Core competencies are the essential capabilities that create a firm’s sustainable competitive advantage. Based on experience, knowledge, and know-how, they are built up over time and cannot be easily imitated. For this reason, products and technologies are seldom core competencies. The advantage they provide is short-lived, and other companies can readily purchase, emulate, or improve upon them. Core competencies are more likely to be processes.
Processes cut across functional lines and departments. Figure 1 shows the processes of product development, order fulfillment, supply chain management, and customer service in contrast to typical business functions such as sales, manufacturing, purchasing, and accounting.

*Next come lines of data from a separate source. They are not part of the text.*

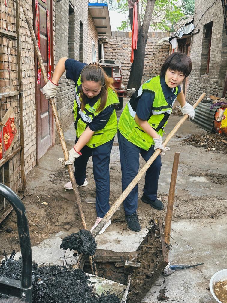 2025年7月,王潤梅(右)和同事在清掏下水井。(受訪者供圖)
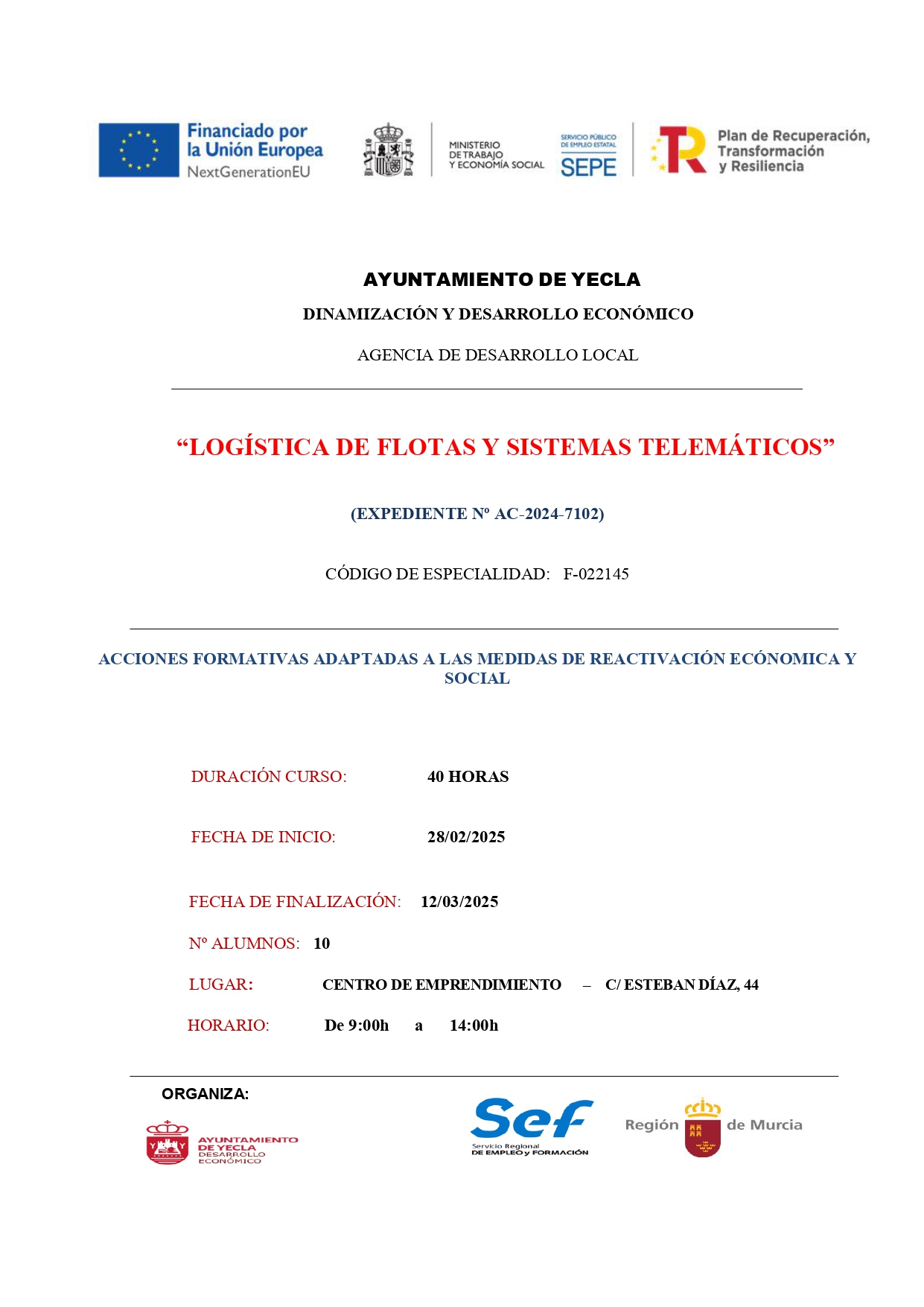 Plazo de inscripción: hasta el próximo 21 de febrero o completar las plazas disponibles.
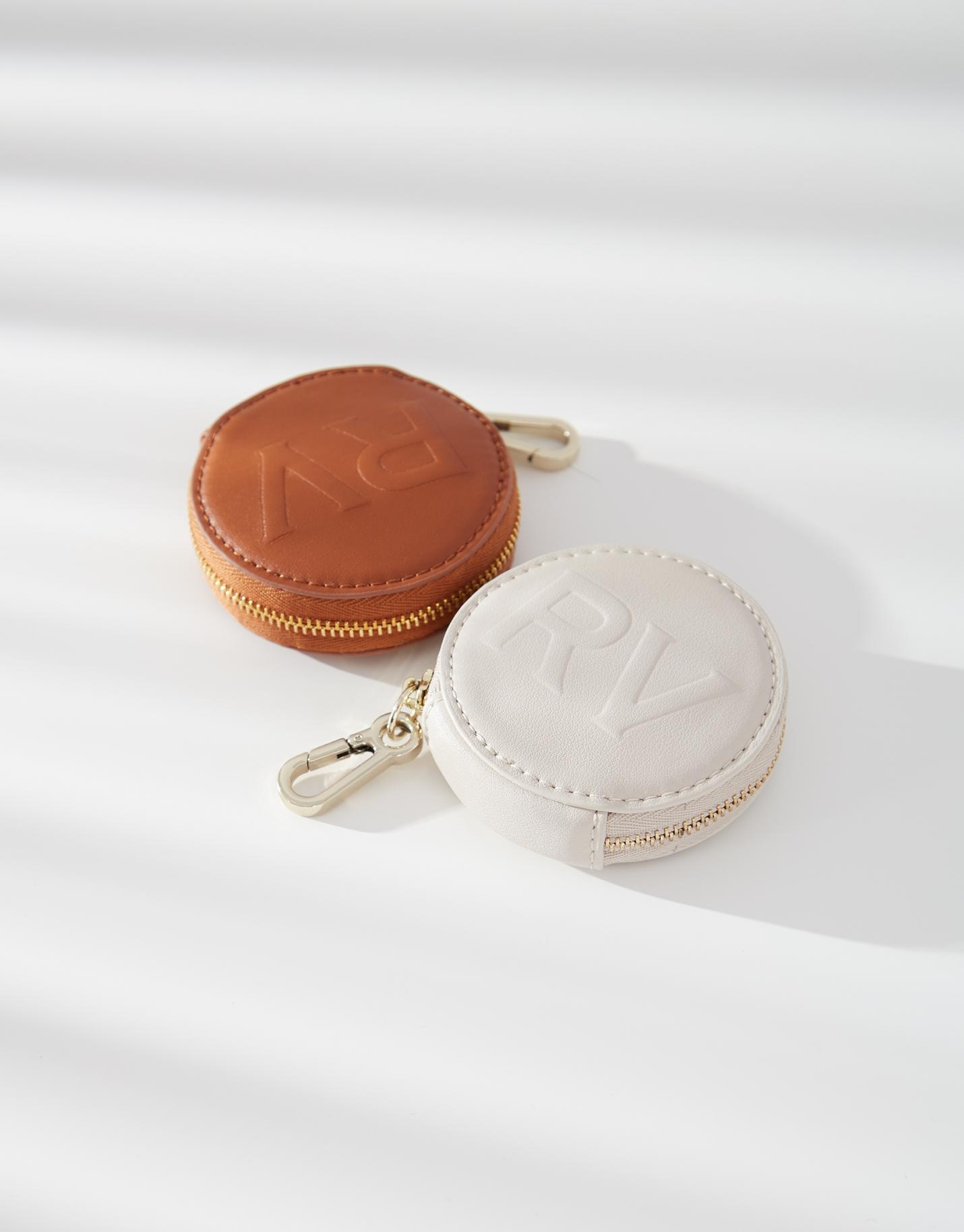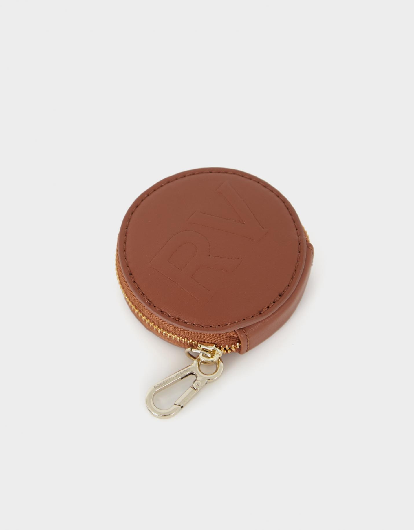 Estuche redondo multiusos como almacenamiento de cables o como monedero fabricado en piel color cuero con logo RV grabado en frontal. Cierre de cremallera con tirador. Medida aproximada diámetro: 7 cm.

As companies become skilled at thinking processes, instead of functional departments or products or markets, a new dimension of strategy opens up. Consider Chaparral Steel, the tenth largest steel producer in the United States, a minimill of less than 1,000 workers that nevertheless has set world productivity records several times and was the first American steel company to receive a Japanese Industrial Quality Certification. Chaparral management allows its competitors to tour its plants at will because “they can’t take (what we do best) home with them.” Although Chaparral is known for its low cost and high technology, its core competency is not technology, but the ability to transform technology rapidly into new products and processes. By the time a competitor copies its current technology, Chaparral is confident they will have moved on to something else.
Similarly, the Gap can’t predict what young consumers will wear any better than other retailers, but it can offer them more choices and react quickly when styles or colors “hit.” The Gap’s core competency in sourcing, logistics, and supply chains allows the company to introduce more than twenty new fashion lines into its stores each year.